* _Exercise prompt_: Without the pictures, can you quote each line below exactly?

:: Recorded data

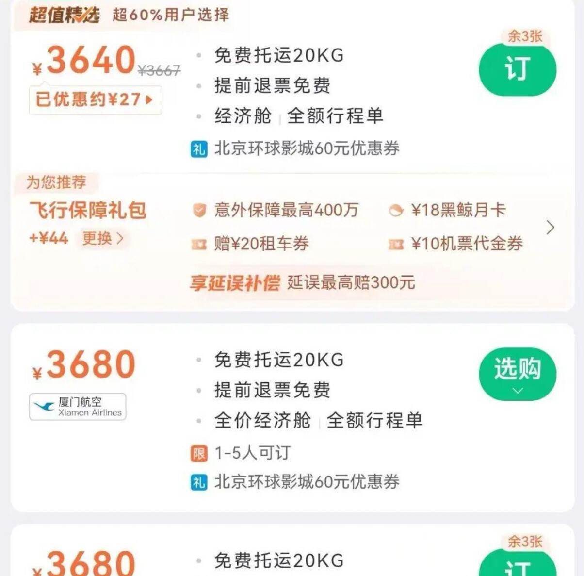例如记者在另一购票平台查询了一趟从三亚到北京的机票,排名第一的选项价格为3640元,“订票”按钮的设置与价格平行,在一条分隔线下方写着“为您推荐飞行保障礼包”,看起来这是一个需要额外点击才会购买的独立选项,但实际上这也是一个捆绑销售的套餐产品。
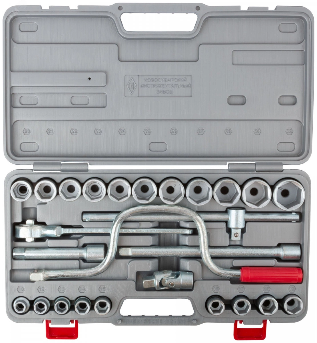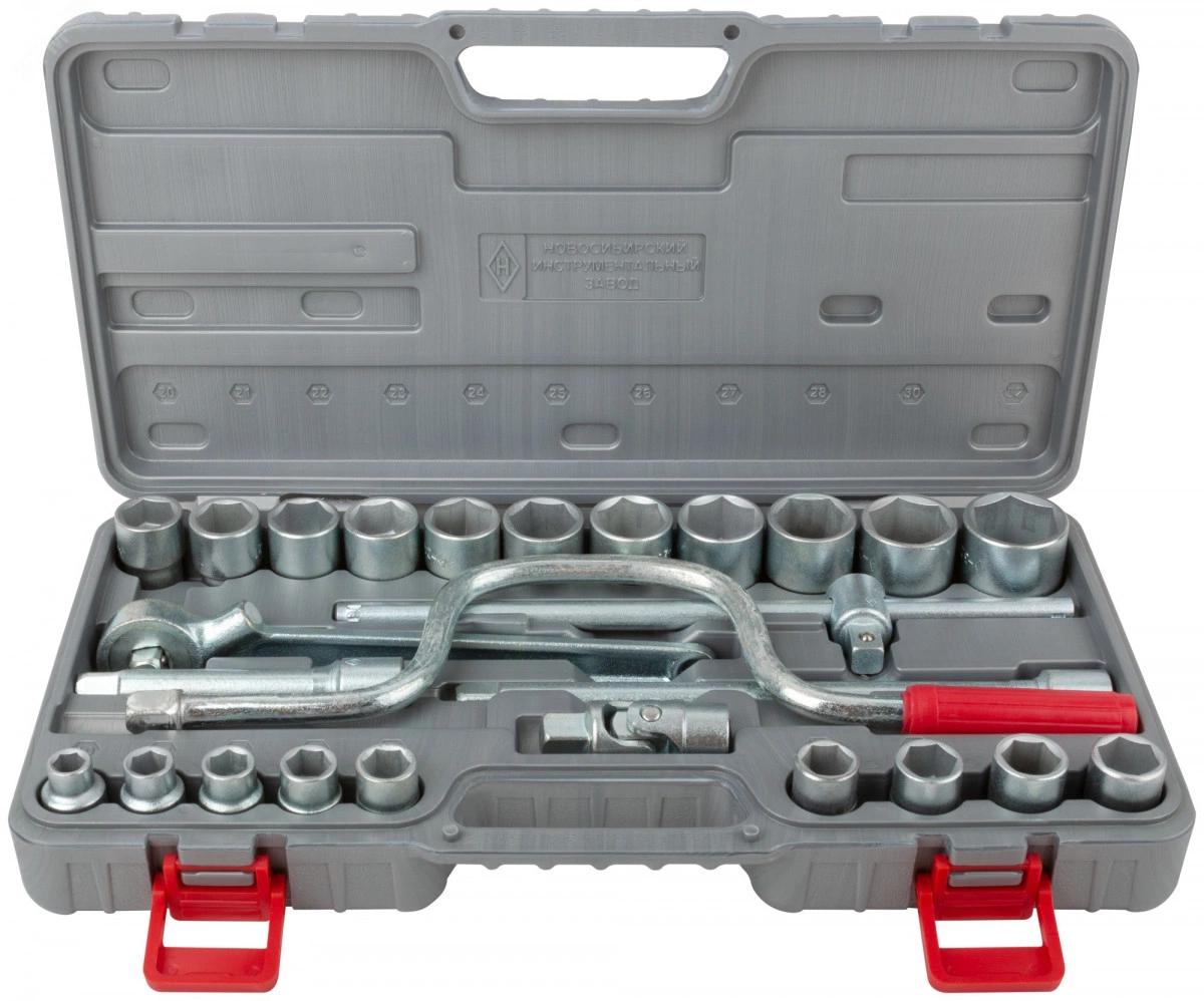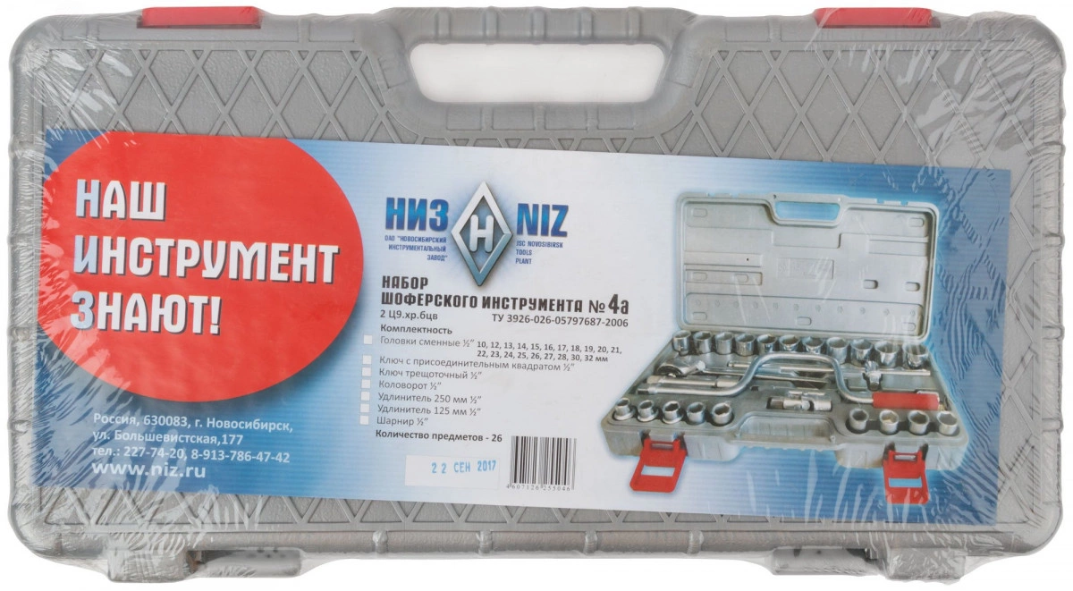 Набор ''Всё для автомобиля'' НИЗ №4 включает в себя - вороток трещоточный 1/2' х 250мм, переходник шарнирный 1/2', вороток-рычаг с присоединительным квадратом 1/2', удлинитель 1/2' x 125мм , удлинитель 1/2' x 250мм , головки шестигранные 1/2' (10-12-13-14-15-16-17-18-19-20-21-22-23-24-25-26-27-28-30-32мм). Инструменты выполнены из конструкционной легированной стали и отличаются прочностью и износостойкостью. Набор поставляется в удобном пластиковом чемодане.
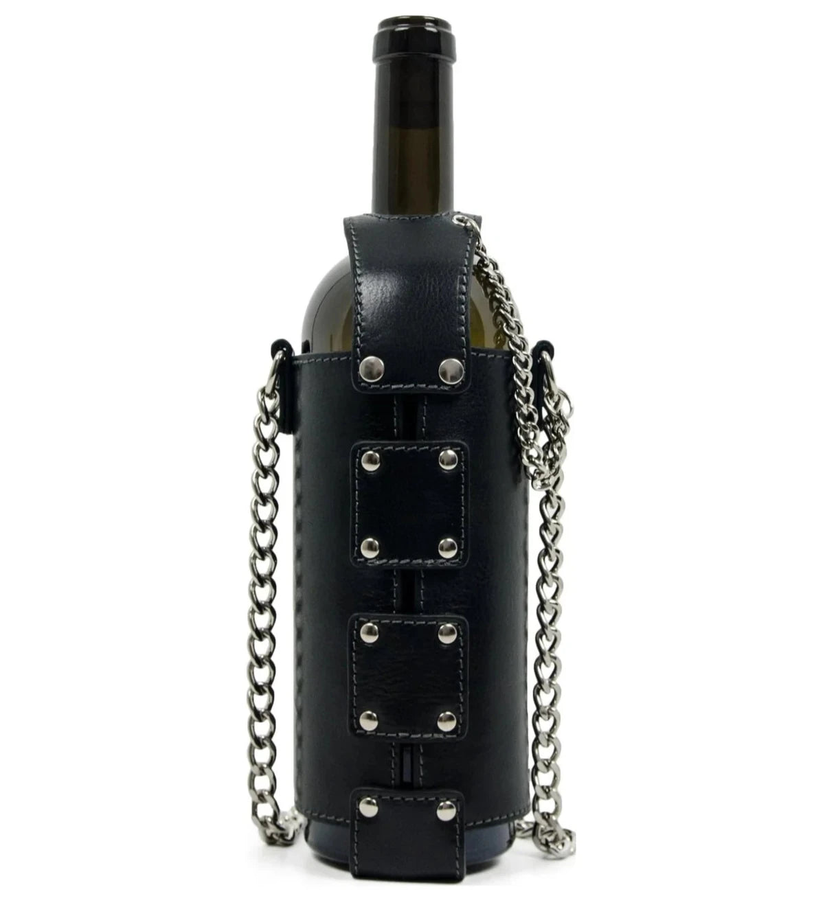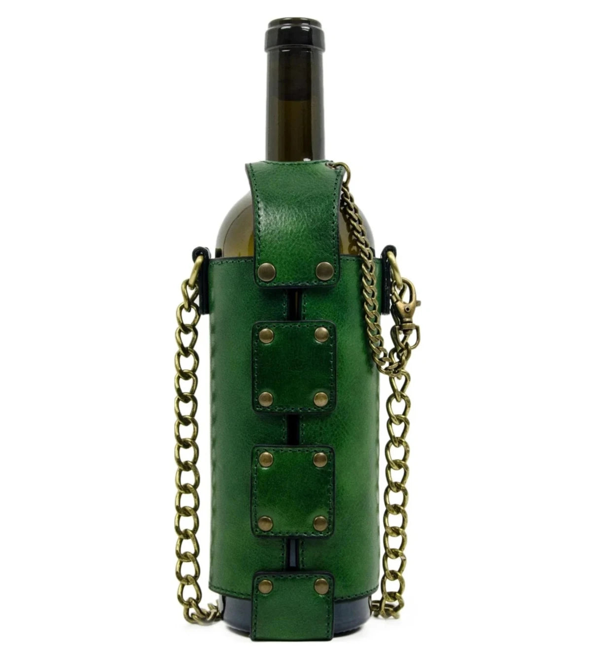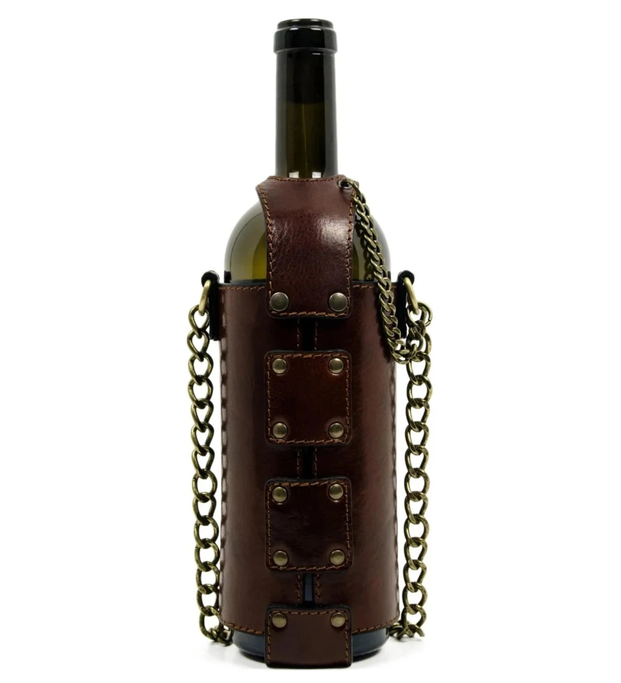 Tento elegantní nosič na láhev vína z kvalitní italské kůže je ideální pro bezpečný a stylový transport vína na jakoukoli oslavu – ať už jde o piknik v parku, domácí setkání nebo svatební hostinu. Kožené pouzdro je vhodné pro všechny typy lahví vína a je vybaveno bezpečným zapínáním pro snadný přístup. Díky ramennímu popruhu z řetízku jej pohodlně přenesete na rameni. Kvalitní kovové prvky dodávají tomuto kousku osobitý dotek, což z něj činí perfektní dárek. Kožené pouzdro pro luxusní italské nebo francouzské víno.

::::

* _Solution to this task_:
例如记者在另一购票平台查询了一趟从三亚到北京的机票,排名第一的选项价格为3640元,“订票”按钮的设置与价格平行,在一条分隔线下方写着“为您推荐飞行保障礼包”,看起来这是一个需要额外点击才会购买的独立选项,但实际上这也是一个捆绑销售的套餐产品。
 Набор ''Всё для автомобиля'' НИЗ №4 включает в себя - вороток трещоточный 1/2' х 250мм, переходник шарнирный 1/2', вороток-рычаг с присоединительным квадратом 1/2', удлинитель 1/2' x 125мм , удлинитель 1/2' x 250мм , головки шестигранные 1/2' (10-12-13-14-15-16-17-18-19-20-21-22-23-24-25-26-27-28-30-32мм). Инструменты выполнены из конструкционной легированной стали и отличаются прочностью и износостойкостью. Набор поставляется в удобном пластиковом чемодане.
 Tento elegantní nosič na láhev vína z kvalitní italské kůže je ideální pro bezpečný a stylový transport vína na jakoukoli oslavu – ať už jde o piknik v parku, domácí setkání nebo svatební hostinu. Kožené pouzdro je vhodné pro všechny typy lahví vína a je vybaveno bezpečným zapínáním pro snadný přístup. Díky ramennímu popruhu z řetízku jej pohodlně přenesete na rameni. Kvalitní kovové prvky dodávají tomuto kousku osobitý dotek, což z něj činí perfektní dárek. Kožené pouzdro pro luxusní italské nebo francouzské víno.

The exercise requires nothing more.